Then we sort the finish time in ascending order and rearrange the start time and activity in respect to it. We target the variables by using the keys in the dictionary.

tem = 0
for i in range(0 , len(data['finish_time'])):
   for j in range(0 , len(data['finish_time'])):
   	if data['finish_time'][i] < data['finish_time'][j]:
       	tem = data['activity'][i] , data['finish_time'][i] , data['start_time'][i]
       	data['activity'][i] , data['finish_time'][i] , data['start_time'][i] = data['activity'][j] , data['finish_time'][j] , data['start_time'][j]
       	data['activity'][j] , data['finish_time'][j] , data['start_time'][j] = tem

In the code above, we intialized <tem> to zero. We are not using the inbuilt method to sort the finish time. We are using two loops to arrange it in ascending order. <i> and <j> represent the indexes and check if values of the <data['finish_time'][i]> is less than <data['finish_time'][j]>.

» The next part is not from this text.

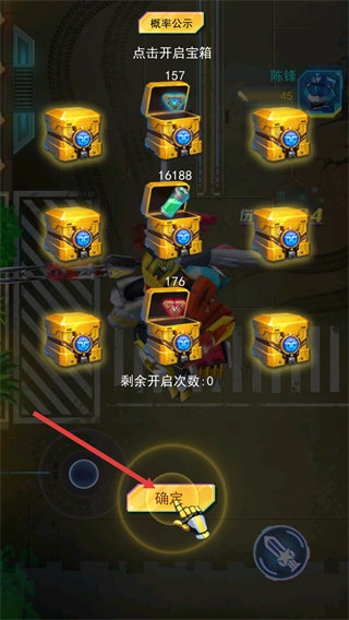 4、战斗后开启宝箱获取奖励,领完奖励点击【确定】,即可结束本次宝箱开启流程。
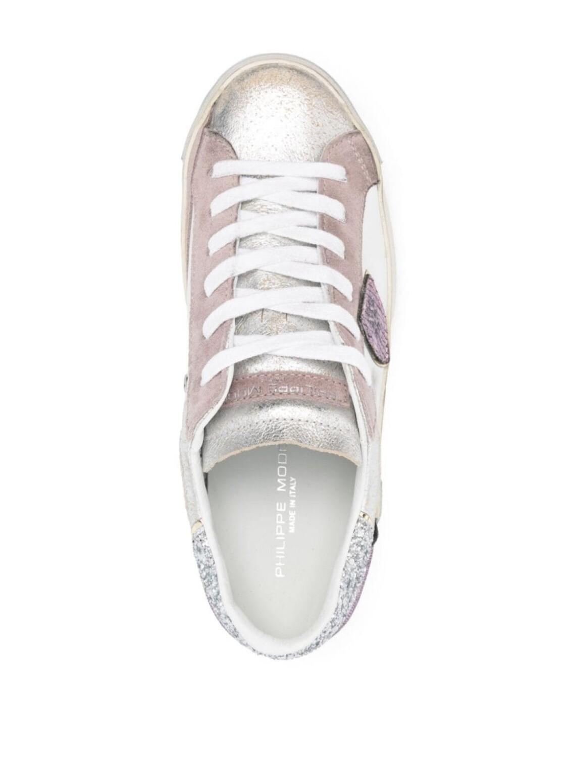 Подробнее о товаре: • белый/фиолетовый/серебристый • телячья кожа • гладкая текстура кожи • эффект металлик • эффект потертости • дизайн со вставками • деталь с блестками • нашивка с логотипом на язычке • нашивка с логотипом сбоку • логотип на пятке • отделка металлическими люверсами • отделка металлическими люверсами • шнуровка спереди • закругленный носок • кожаная стелька с логотипом • плоская резиновая подошва

If the condition is true, <tem> stores the values of the elements in the <i> position and swaps the corresponding element.

Now we print the final result, here's what we get:

print("Start time: " , data['start_time'])
print("Finish time: " , data['finish_time'])
print("Activity: " , data['activity'])

# Results before sorting
# Start time:  [2, 6, 4, 10, 13, 7]
# Finish time:  [5, 10, 8, 12, 14, 15]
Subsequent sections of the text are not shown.